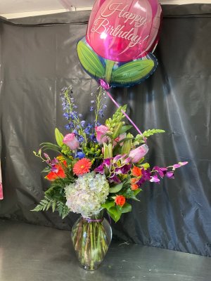 The flowers and balloon are beautiful! And, getting a picture of the arrangement is a FANTASTIC idea!!! Thank you!
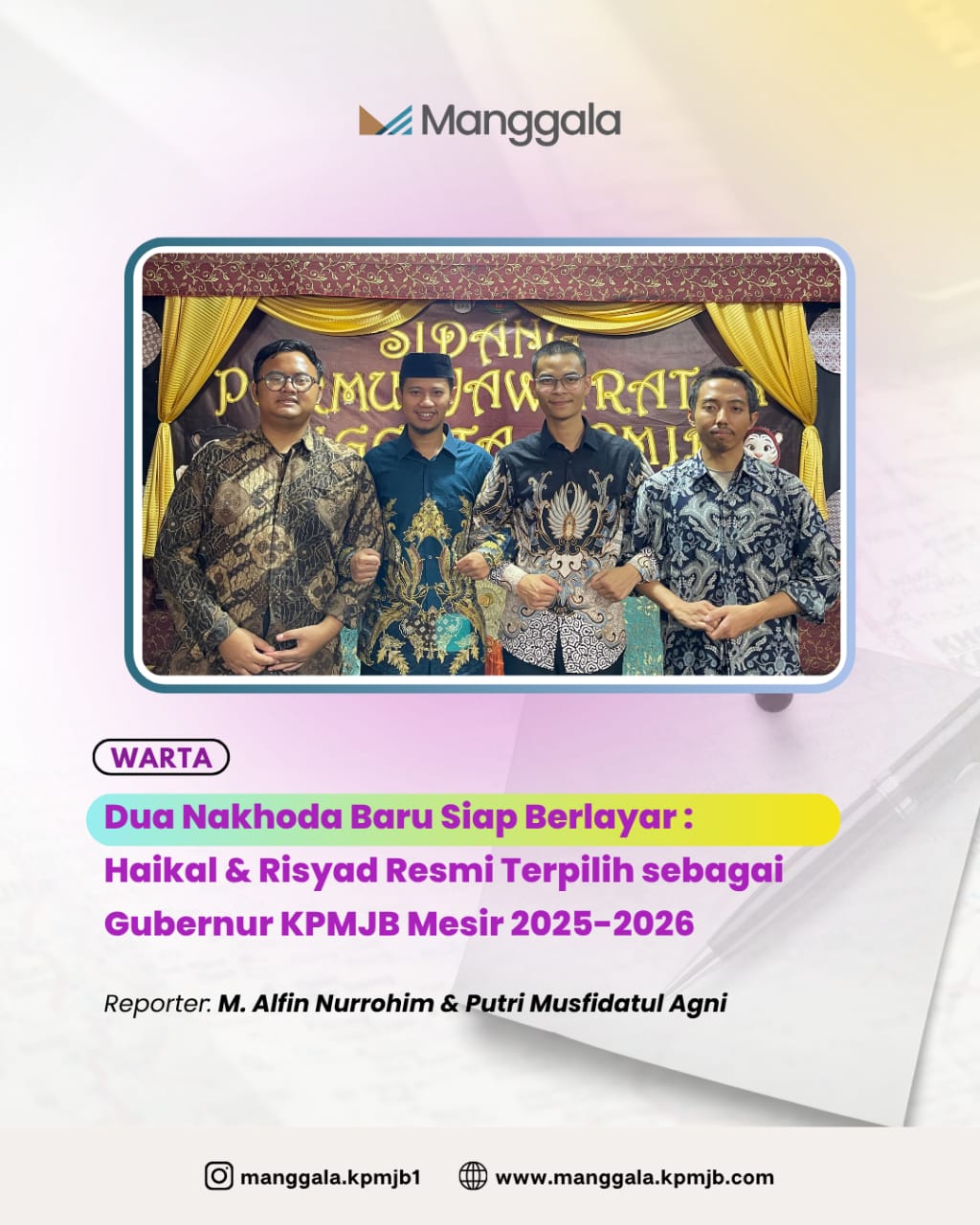 Manggala, Kairo – Di tengah suasana khidmat Sidang Permusyawaratan Anggota (SPA) KPMJB 2025 pada Senin (11/8) di Aula Pasanggrahan KPMJB Mesir, Kairo, tongkat estafet kepemimpinan resmi berpindah tangan. Achmad Haikal Al-Mubarok (Oded) dan Risyad Abdul Hakim terpilih sebagai Gubernur dan Wakil Gubernur KPMJB. Keduanya siap mengarungi masa bakti baru dengan membawa semangat kebersamaan dan langkah-langkah inovatif untuk menghidupkan dinamika KPMJB.
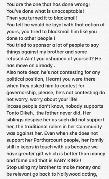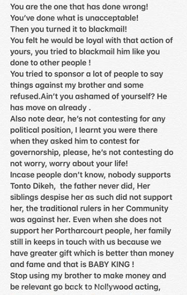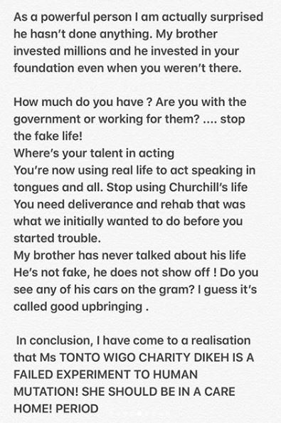 Churchill’s brother who is not pleased with the statement took to his Instagram page to blast Tonto Dikeh.
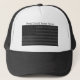 Moving dark distressed American Flag design with "Proud U. S. Patriot" at top on quality trucker hat. You can change the text if you want. Great gift for a Veteran, service member or anyone who wants to support our troops..
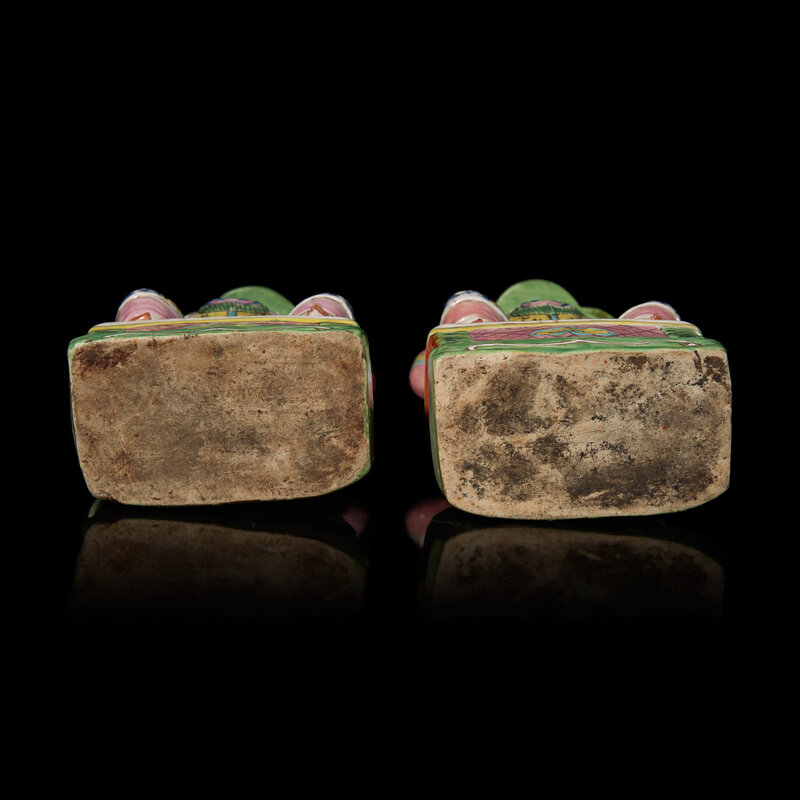 Each depicting a seated bearded foreigner in Chinese armor holding a lobed dish/candleholder on their head, all raised on rectangular pedestal.

# Aim of the exercise:
Restate the whole listing exactly as written, minus the pictures.

# Reply:
 The flowers and balloon are beautiful! And, getting a picture of the arrangement is a FANTASTIC idea!!! Thank you!
 Manggala, Kairo – Di tengah suasana khidmat Sidang Permusyawaratan Anggota (SPA) KPMJB 2025 pada Senin (11/8) di Aula Pasanggrahan KPMJB Mesir, Kairo, tongkat estafet kepemimpinan resmi berpindah tangan. Achmad Haikal Al-Mubarok (Oded) dan Risyad Abdul Hakim terpilih sebagai Gubernur dan Wakil Gubernur KPMJB. Keduanya siap mengarungi masa bakti baru dengan membawa semangat kebersamaan dan langkah-langkah inovatif untuk menghidupkan dinamika KPMJB.
 Churchill’s brother who is not pleased with the statement took to his Instagram page to blast Tonto Dikeh.
 Moving dark distressed American Flag design with "Proud U. S. Patriot" at top on quality trucker hat. You can change the text if you want. Great gift for a Veteran, service member or anyone who wants to support our troops..
 Each depicting a seated bearded foreigner in Chinese armor holding a lobed dish/candleholder on their head, all raised on rectangular pedestal.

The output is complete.